出典: フリー百科事典『ウィキペディア(Wikipedia)』

これはこのページの過去の版です。豆もち (会話 | 投稿記録) による 2014年4月2日 (水) 12:42個人設定で未設定ならUTC)時点の版であり、現在の版とは大きく異なる場合があります。

藤原敦光/菊池容斎『前賢故実』より

藤原 敦光(ふじわら の あつみつ、康平6年(1063年) - 天養元年10月28日1144年11月24日))は、平安時代後期の文人儒学者藤原式家右京大夫藤原明衡の子。

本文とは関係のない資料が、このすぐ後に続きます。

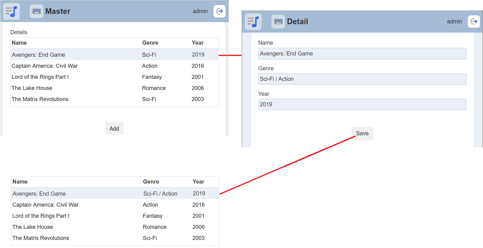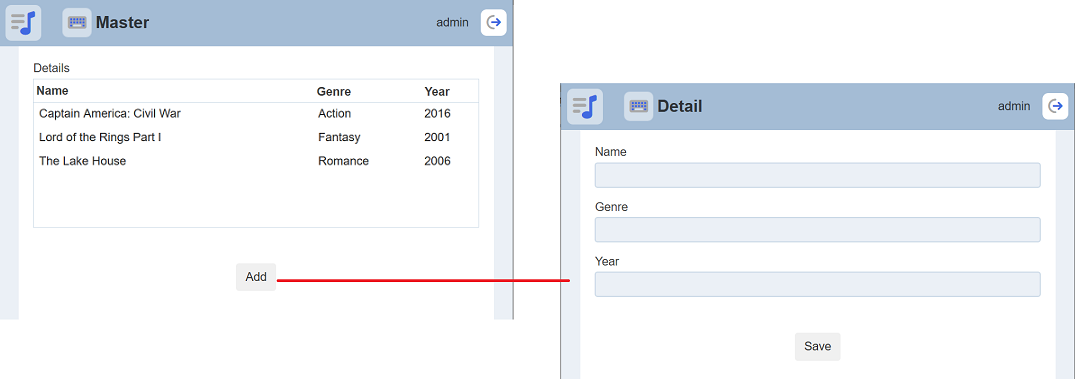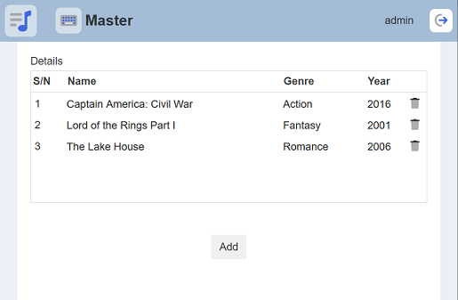 Test this example by visiting the http://localhost:1740/master-detail.html link. Any details added prior will be displayed in the Master form. To add more details, click on the “Add” button in the Master form to launch the Detail form. Add some details and click on the “Save” button.

官位正四位下式部大輔

経歴

4歳で父・明衡に死別し、兄・敦基の養子として育つ。嘉保元年(1094年)に官吏登用の対策に及第して、承徳2年(1098年)に式部丞に任命される。大内記文章博士大学頭を経て、保安3年(1122年)に式部大輔となる。保延元年(1135年)に発表された天変地異飢饉盗賊に関する「勘申」を始めとして、漢文を書く能力によって認められ、堀河天皇鳥羽天皇崇徳天皇の三代に侍読として仕え、彼の手になる詔勅は多い。しかし儒官の功労による参議任官はかなわなかった。天養元年(1144年)4月に病のため出家し、その年の10月28日に没した。享年82。

作品・著作

  • 「柿本朝臣人麿画讃」「白山上人縁起」含め51編の漢文…『本朝続文粹』所収
  • 『朝野群載』『表白集』所収の80編余の漢文
  • 本朝無題詩』所収の漢詩60編余
  • 金葉和歌集』所収の和歌2首
  • 『続本朝秀句』『本朝帝紀』の著作があったが散逸。
『古今著聞集』哀傷より
往事渺茫共誰語 往事渺茫 誰と共に語らん
閑庭唯有不言花 閑庭 唯だ言わざるの花有り

系譜

  • 父:藤原明衡
  • 母:平実重の娘
  • 妻:源親長の娘
  • 妻:大中臣輔清の娘
  • 生母不詳の子女
    • 男子:淳仁
    • 男子:喜覚
    • 男子:光縁
    • 男子:明覚
    • 男子:顕豪
    • 男子:光猷
    • 男子:頼円
    • 女子:不詳 - 号姫子
    • 女子:

参考文献

  • 『本朝続文粹』(黒板勝美編『新訂増補国史大系』、第29下巻所収)
  • 朝野群載』(黒板勝美編『新訂増補国史大系』、第29上巻所収)
  • 古今著聞集』(黒板勝美校訂、岩波文庫、1940年)
  • 古事談』(小林保治校注、現代思潮新社、2006年)
  • 藤岡作太郎『国文学全史』・4(講談社学術文庫、1977年)
  • 中川徳之助「詩・酒・仏」(『国文学攷』15、1956年)[1]
  • 大曾根章介「院政期の一鴻儒 -藤原敦光の生涯-」(『国語と国文学』第54巻の8、1977年)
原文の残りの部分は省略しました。